I think a throw_p opcode is all we really need to throw other types of exceptions. Maybe, if we were worried about writing out all the PIR for constructing elaborate Exception objects, we could have a throw_p_s_i_i, which would set all four required attributes at once, and throw it.

Anyway, that's enough on this particular subtopic. But, in tangent, I would like to suggest again that we try to find a good way to specify aggregate literals in PIR code. In this way we could specify exception constants (or proto-exception initializer objects) to reduce the runtime cost of constructing exceptions where things like the severity, type, and message are the same. The ability to specify ExceptionHandler constants in the code likewise would create a huge performance savings, especially when you consider that in a normally-operating program more ExceptionHandlers are created and registered than Exceptions.

count_eh Return the quantity of currently active exception handlers.

I'm not certain that we need an opcode for this, especially since I think it's used pretty infrequently. A method call on the current context object could provide the same info. A series of methods would allow fine-grained manipulation of the handler stack, which would be even better.

If no handler is found, and the exception is non-fatal (such as a warning), and there is a continuation in the exception record (because the throwing opcode was throw), invoke the continuation (resume execution). Whether to resume or die when an exception isn't handled is determined by the severity of the exception.

I'm not sure if the implementation follows the letter of the spec in regards to the "exception record". As far as I am aware, an unhandled exception doesn't automatically cause the program to resume normal control flow no matter what type it is. I need to check on this, but I have never witnessed this behavior. If it does exist, I apologize for not knowing about it, of course.

typedef enum {
  EXCEPT_normal  = 0,
  EXCEPT_warning = 1,
  EXCEPT_error   = 2,
  EXCEPT_severe  = 3,
  EXCEPT_fatal   = 4,
  EXCEPT_doomed  = 5,
  EXCEPT_exit    = 6
} exception_severity;

As Austin mentioned, there are way too many of these.
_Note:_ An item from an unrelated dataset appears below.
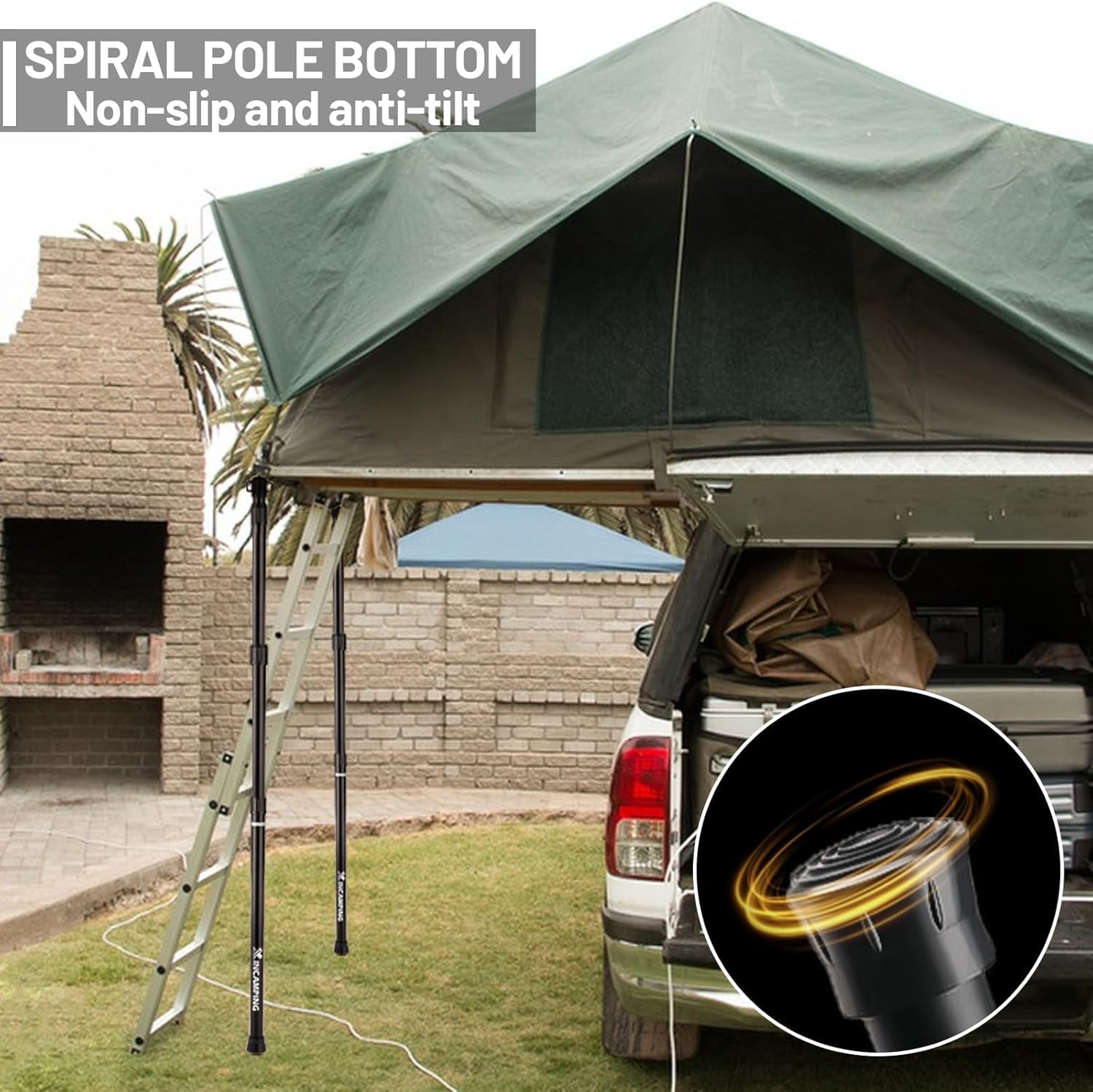 4-Section Adjustable Design – Tarp poles easily extend from 2.6ft (portable) to 7.6ft (maximum height) for tents, sunshades, gazebos and outdoor shelters.

Also, as I've found out experimentally, only EXCEPT_doomed actually causes Parrot to exit despite other severities having harmful-sounding names like "fatal", and "exit". In my mind we need only four severities, at most: Trivial, Normal, Fatal and Control. Anything else is superfluous, not just in theory but also in the code as it currently exists. Trivial exceptions can automatically resume if unhandled. Normal exceptions are ones that represent an error. They can be handled by any default handler, but cause a program exit when unhandled. Fatal exceptions mark an error that is typically unrecoverable unless a special exit handler has been specifically configured to catch such events. Control exceptions bypass the error-reporting system and are used to implement non-error control flow. I'm hard-pressed to come up with any other designations we would ever need for this mechanism.

typedef enum {
  EXCEPTION_BAD_BUFFER_SIZE,
  EXCEPTION_MISSING_ENCODING_NAME,
  EXCEPTION_INVALID_STRING_REPRESENTATION,
  EXCEPTION_ICU_ERROR,
  EXCEPTION_UNIMPLEMENTED,
  EXCEPTION_NULL_REG_ACCESS,
  EXCEPTION_NO_REG_FRAMES,
  EXCEPTION_SUBSTR_OUT_OF_STRING,
  EXCEPTION_ORD_OUT_OF_STRING,
  ...
} exception_type_enum;

There are a huge number of exception types, and they really seem superfluous when you consider that every exception must contain a message field with a human-readable message that describes it and a payload field that can contain any arbitrary object with additional data. I know that the intention with this huge list is to implement exception types without using subclasses. The reason for this is that subclasses can be largely expensive because each subclass needs to have it's own VTABLE and other information which can become prohibitive if we want to have more than a few types. I've recently put forward an idea for allowing extremely inexpensive subclasses which was inspired by exactly this problem. My idea was not without it's caveats, of course, but it's not the only possible route to take to make the subclassing operation less expensive. That said...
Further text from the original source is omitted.